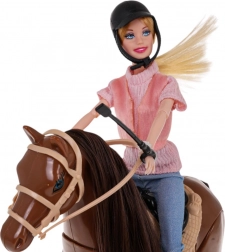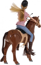 Ez a látványos szett összeköti a babák és a lovak világát – ideális a kis lovaglásrajongóknak. A babának mozgatható karja, lába és feje van, valamint gyönyörű, hosszú haja. A ló 3× AA elemmel működik (a csomagban), és tud elindulni előre, fejével mozogni és nyeríteni, így a játék maximálisan élethű.
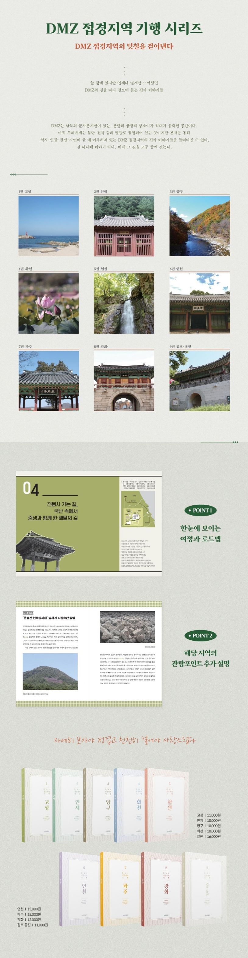 『DMZ 접경지역 기행』시리즈는 유일한 통일 관련 연구소인 건국대학교 통일인문학연구단에서 5년 동안 DMZ 접경지역을 직접 답사하면서 축적한 인문적 연구를 집필한 답사기이다. 본서는 여행용 서적으로 실제 책을 가지고 다니면서 활용할 수 있도록 DMZ 접경지역을 구성하고 있는 고성군, 인제군, 양구군, 화천군, 철원군, 연천군, 파주시, 강화군, 김포시 옹진군을 각 시군청 단위별로 나누어 출판했다. 책 중간마다 관람 포인트도 있으니, 참고하면 더욱 알찬 여행이 될 것이다.
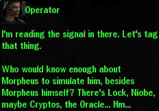 Aquatium I walked into a group of guards talking... Zion Upgrade Artist Okay, but why there? Why those people? Why such a cryptic message? What good is it gonna do? I'm just saying it doesn't quite add up. Zion Physician Why not there? And as for what he said--sure sounded exactly like the same old Morpheus I saw years ago. It's not like you can expect him to recite the Gettysburg Address while he's broadcasting on an emergency frequency! Geez. Anyway, he's always played it close to the vest--wouldn't have lived this long if he hadn't, would he? Hah! Zion Rifleman I heard he's got a fragment of some kind of code on him--binary. Maybe it's the key to this whole thing. Hm... Zion Physician I dunno about everyone else, but my crew and I are gonna be prepared, no matter what! Zion Upgrade Artist I always miss these things... Aquatium There were talking about the possible Morpheus sightings...
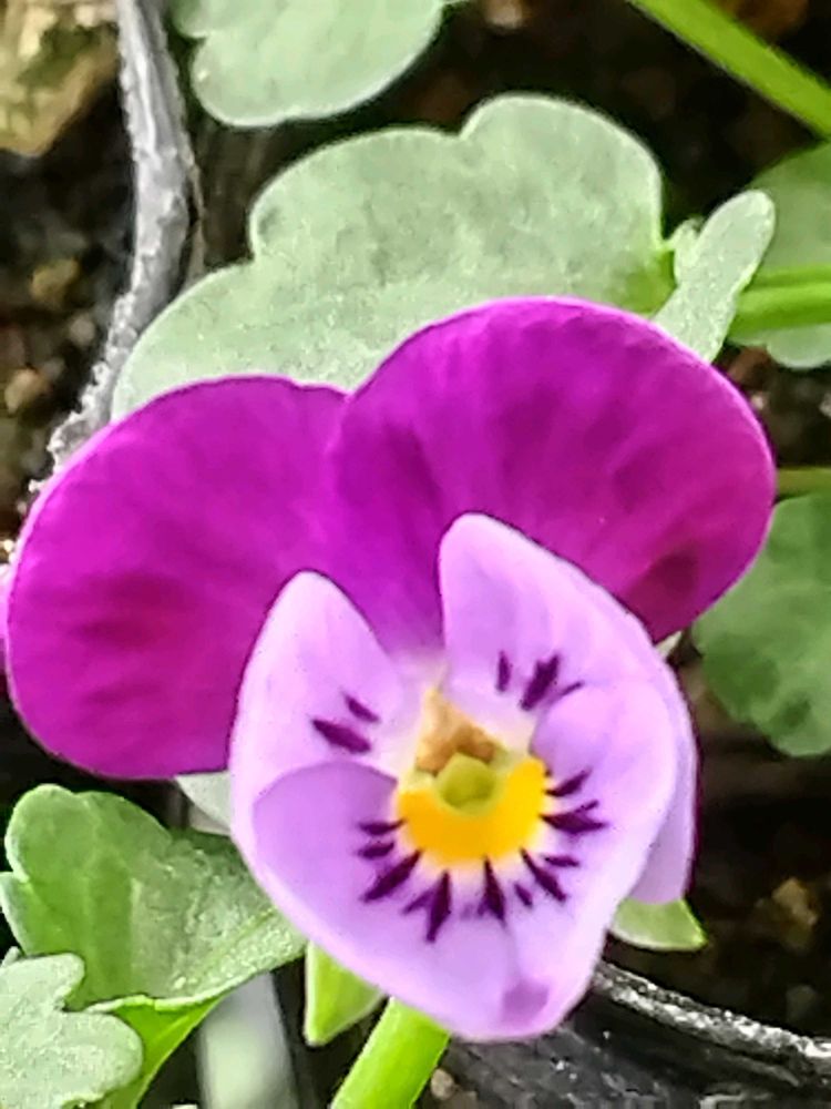 ⚛️ポットの中で咲いていた、種まきからの第二号ビオラ!
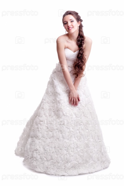Портрет красивой молодой невесты брюнетки в белом свадебном платье
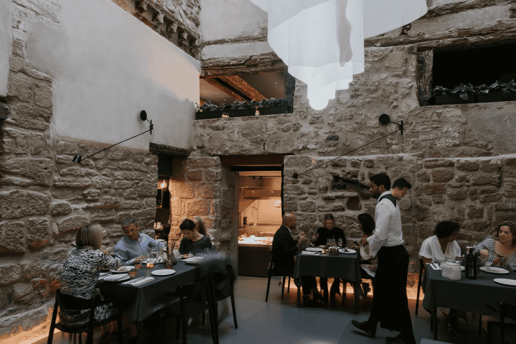 - Características: Situada en una bodega del siglo XVII, ofrece una carta que respeta los productos locales mientras incorpora presentaciones contemporáneas.

Task objective |
Pictures aside, write out all of the records exactly.

Written reply |
 Ez a látványos szett összeköti a babák és a lovak világát – ideális a kis lovaglásrajongóknak. A babának mozgatható karja, lába és feje van, valamint gyönyörű, hosszú haja. A ló 3× AA elemmel működik (a csomagban), és tud elindulni előre, fejével mozogni és nyeríteni, így a játék maximálisan élethű.
 『DMZ 접경지역 기행』시리즈는 유일한 통일 관련 연구소인 건국대학교 통일인문학연구단에서 5년 동안 DMZ 접경지역을 직접 답사하면서 축적한 인문적 연구를 집필한 답사기이다. 본서는 여행용 서적으로 실제 책을 가지고 다니면서 활용할 수 있도록 DMZ 접경지역을 구성하고 있는 고성군, 인제군, 양구군, 화천군, 철원군, 연천군, 파주시, 강화군, 김포시 옹진군을 각 시군청 단위별로 나누어 출판했다. 책 중간마다 관람 포인트도 있으니, 참고하면 더욱 알찬 여행이 될 것이다.
 Aquatium I walked into a group of guards talking... Zion Upgrade Artist Okay, but why there? Why those people? Why such a cryptic message? What good is it gonna do? I'm just saying it doesn't quite add up. Zion Physician Why not there? And as for what he said--sure sounded exactly like the same old Morpheus I saw years ago. It's not like you can expect him to recite the Gettysburg Address while he's broadcasting on an emergency frequency! Geez. Anyway, he's always played it close to the vest--wouldn't have lived this long if he hadn't, would he? Hah! Zion Rifleman I heard he's got a fragment of some kind of code on him--binary. Maybe it's the key to this whole thing. Hm... Zion Physician I dunno about everyone else, but my crew and I are gonna be prepared, no matter what! Zion Upgrade Artist I always miss these things... Aquatium There were talking about the possible Morpheus sightings...
 ⚛️ポットの中で咲いていた、種まきからの第二号ビオラ!
Портрет красивой молодой невесты брюнетки в белом свадебном платье
 - Características: Situada en una bodega del siglo XVII, ofrece una carta que respeta los productos locales mientras incorpora presentaciones contemporáneas.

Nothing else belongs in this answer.